Маэстро свернул прямо в степь. Она неслась под колеса бесконечной выжженной явью, пока не показались первые виноградники поселка, большой, когда-то колхозный сад, наезженные дороги. Маэстро сориентировался, крутнул руль, обогнул виноградники по целине, и автомобиль снова помчался по сухой полыни бездорожья неведомо куда.
В салоне повисло молчание. Аля безучастно смотрела на дорогу. Ей было безразлично, куда они несутся, откуда, зачем. Прошлая жизнь показалась ей призрачной, не существовавшей никогда, а теперешняя… Да и можно ли считать жизнью бесконечную гонку со смертью? Или это как раз и есть жизнь, просто разные люди бегут от беззубой с разной скоростью? Вернее, с разным успехом? Да какое там: считать успехом случай пережить сверстника на десять лет нищеты и пятеро суток агонии? Нет, в этой игре победителей не бывает, все приходят к печальному финишу… Или — не все? И пыльное земное бдение — только предтеча настоящей жизни?..
— Маэстро, — разлепила Аля спекшиеся губы. — По-моему, я схожу с ума.
Мужчина быстро глянул на девушку и снова сосредоточил взгляд на дороге.
— Нет. Это мир сумасшедший. А ты нормальная.
— Разве можно выжить в сумасшедшем мире?
— Даже нужно. Куда хуже — подчиниться ему.

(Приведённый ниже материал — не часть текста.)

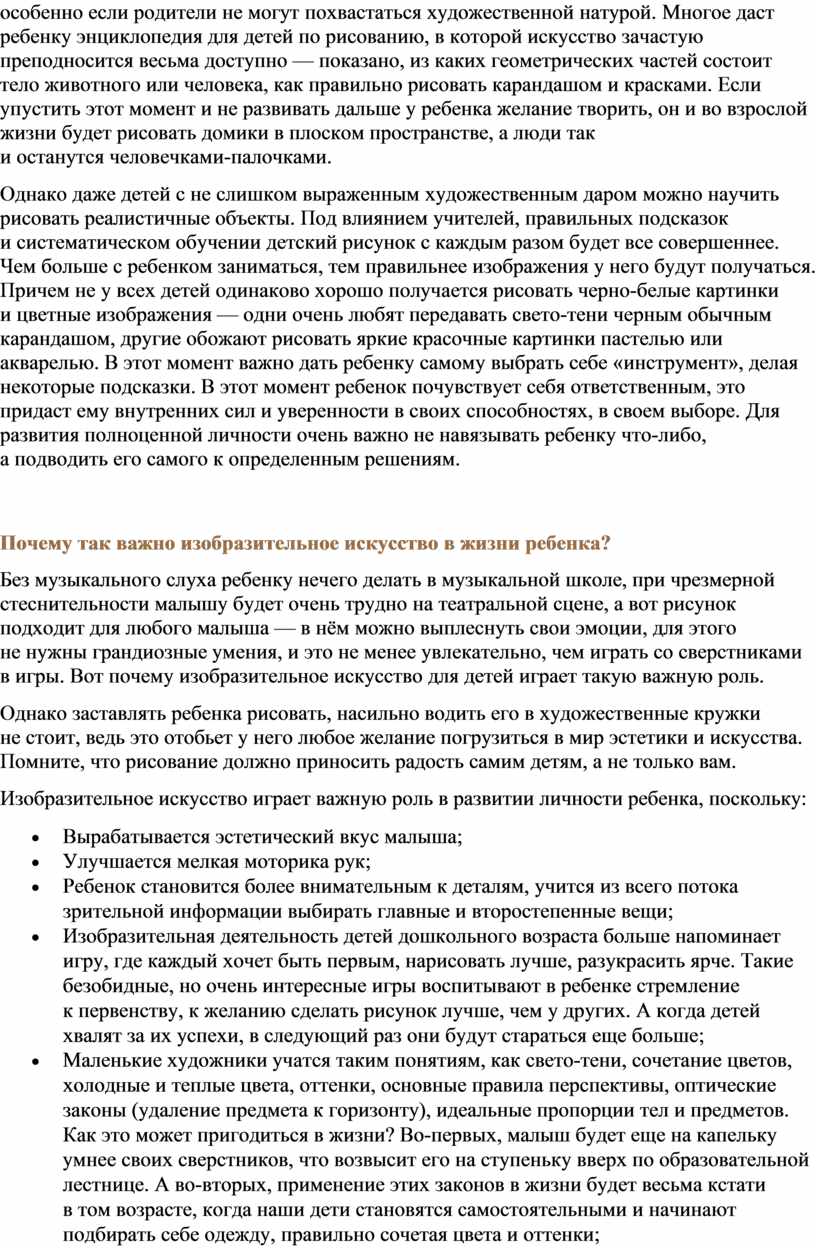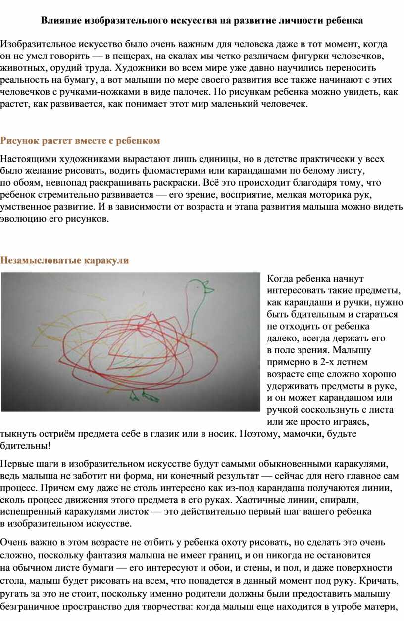 Изобразительное искусство играет важную роль в развитии личности ребенка, поскольку: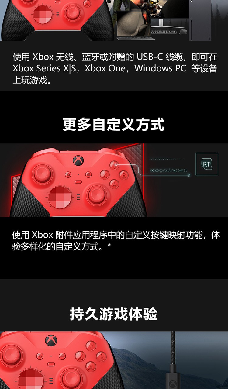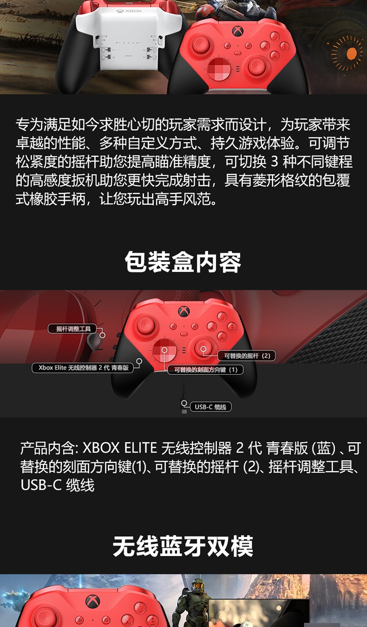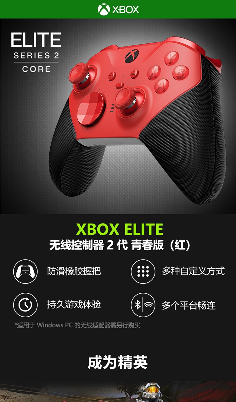 微软(Microsoft)Xbox Elite无线控制器2代游戏手柄青春版RFZ-00016(红色)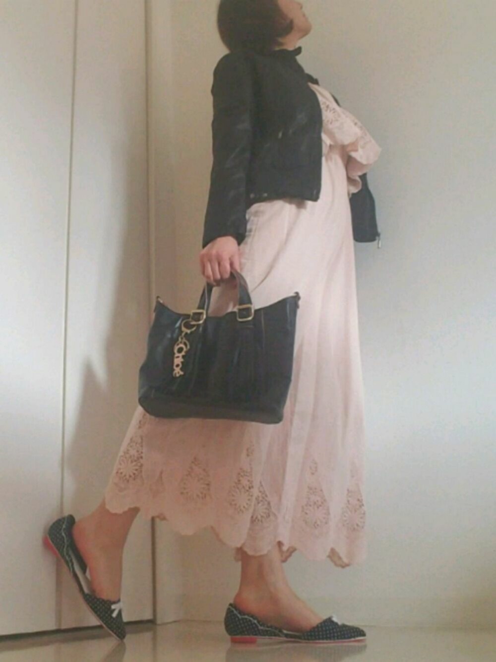 ご覧いただきありがとうございます🙇 いきなり暑くなって。。。☀ もぅ何を着ていいか分かりません😩 RESEXXYのオールインワンは、 珍しくピンク😳 普段、まずピンクの服など買わないんだけど、 ベージュ系の落ち着いたピンクだし❗ カットワークのレースがツボでつい。。。❤ たまには。。いいかなぁと。。。😅 すぐ脱げる系のオールインワンは、楽チンなので大好き💮 ソウルで買ったラムレザーのマットなライダースと合わせたくて➰☺ またシンプルに甘辛mixです🎵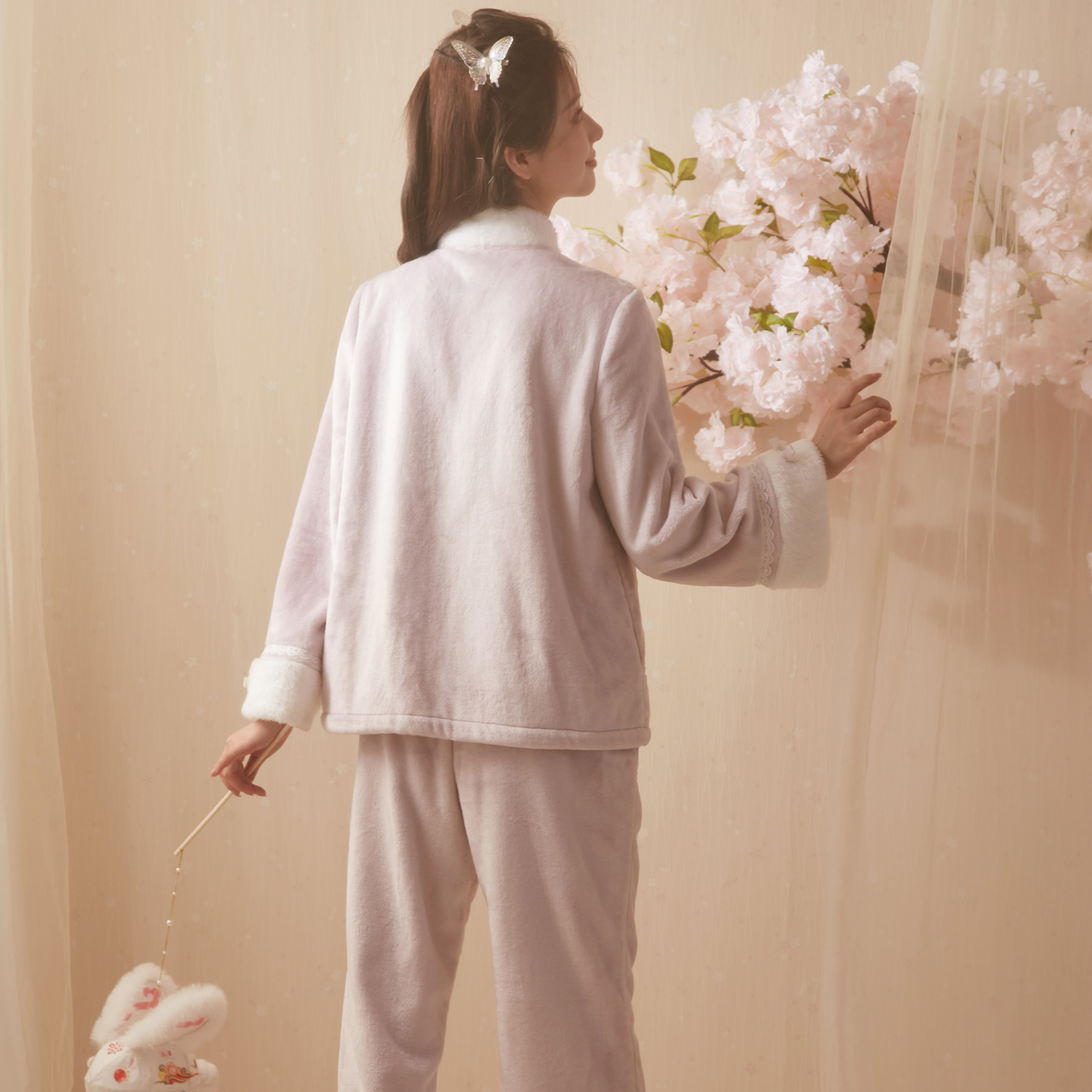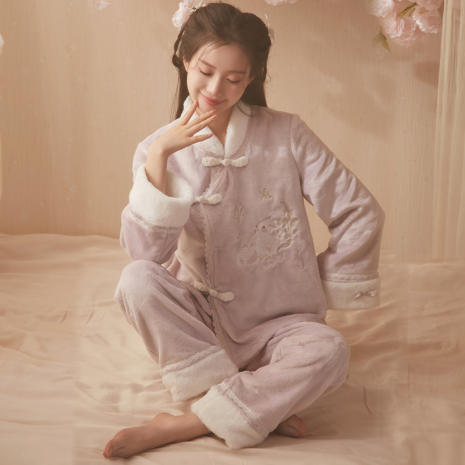 RoseTree珊瑚绒睡衣女款秋冬季新中式国风汉服加绒加厚家居服套装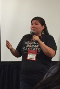 In this way, I’m also learning what a matriarchal society is. Of course, I studied it in my anthropology classes, so I know what it is. But book learning doesn’t lay out in real-world examples what it actually means to be a matriarchal culture. Traditionally Cherokee men moved in with their wives’ families, and the children and possessions and home belonged to  the wife. At any point, for any reason, the wife could divorce the man by placing his belongings outside the home. Women had a lot of power, but a lot of responsibility, and the weight of keeping the family together rested on the shoulders of the women. One man told a story about trying to build a re-integration program for Arizona Indians, and met with failure until his female secretary berated him for not involving the women, and following their direction. Several people talked about going to Standing Rock, and talked about how women were/are instrumental in that movement. I hadn’t even thought of it before, unconsciously mentally erasing women from power and action, when it turns out they were the source of power.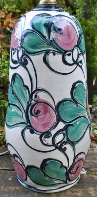 Bordlampe fra Hornbæk Keramik, 20. Årh. Danmark. Glasur i hvid, sort, grøn og rosa. Stemplet: HK. H: 58 cm. Dia: 16 cm.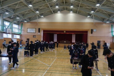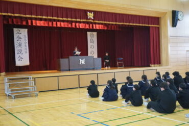 2026.3.9 全校生 前期生徒会長選挙 令和8年度の前期生徒会長選挙が行われました。 中田中学校をよりよくするために、全員が蔭島さんの意見に真剣な面持ちで耳を傾けていました。 選挙管理委員会の働きかけで無効票0で選挙を終えました。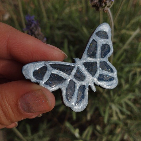 Base pintada de negro pintada con pigmentos brillantes y un sutil relieve brillante.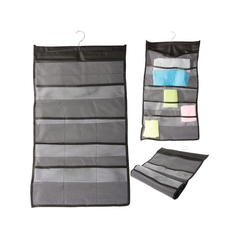 ?? A függő tároló praktikus fehérneműtárolást biztosít. 4 nagy melltartó zsebbel rendelkezik a biztonságos és kényelmes tárolás érdekében, valamint további 18 kisebb zsebbel, ideális zoknik, harisnyák vagy kisebb kiegészítők tárolására.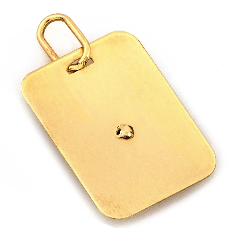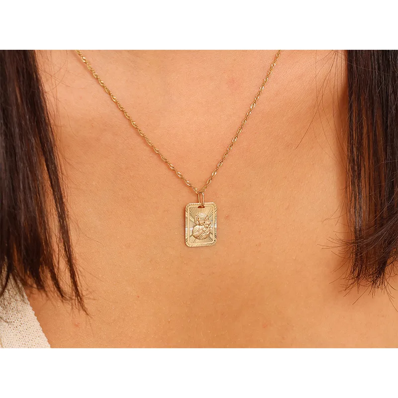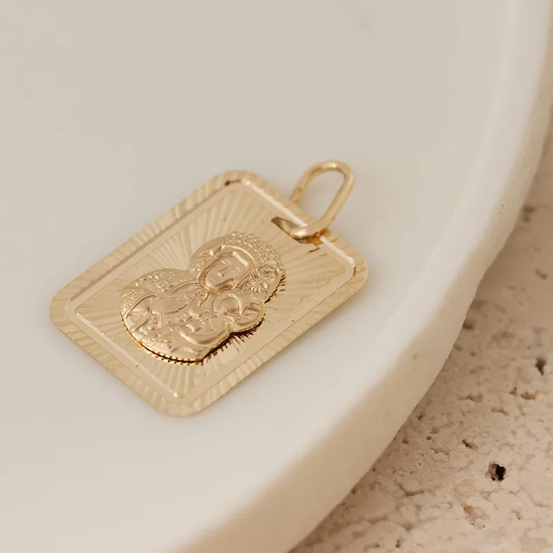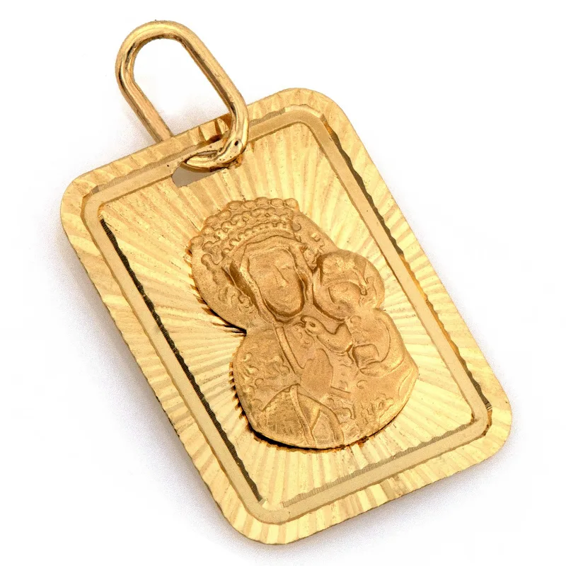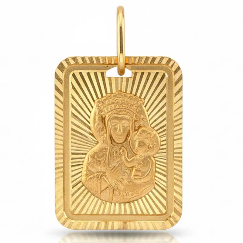 Złoty medalik Matka Boża Częstochowska 585 to wyjątkowa zawieszka wykonana z 14-karatowego złota (próba 585). Klasyczny prostokątny kształt oraz precyzyjnie wykonany wizerunek Matki Bożej Częstochowskiej podkreślają religijny charakter medalika. Tył zawieszki jest gładki, dzięki czemu możliwe jest wykonanie spersonalizowanego graweru.

— Влад… А ты? Ты подчинился?
Некоторое время Маэстро молчал, потом произнес тихо и внятно:
— Не знаю.
— Жаль.
— Мне тоже.
— Влад, а куда мы едем, ты хоть знаешь?
— Смутно, — улыбнулся Маэстро.
— Ты хочешь нагнать тех, на «девятке»?
— Тех или других… Не так уж важно. — Он помолчал, жестко свел губы, произнес зло:
— Плохо.
— Что — плохо?
— Мы с тобой изначально не выбирали территорию войны. А теперь у нас не осталось и времени. Это плохо. Похоже на бой с тенью. Вернее, с несколькими тенями в ограниченном пространстве. Или в окружении. Придется успевать поворачиваться, чтобы срезать очередного нападающего. — Горькая усмешка пробежала по губам. — По сравнению с оборонительным боем засада — просто песня!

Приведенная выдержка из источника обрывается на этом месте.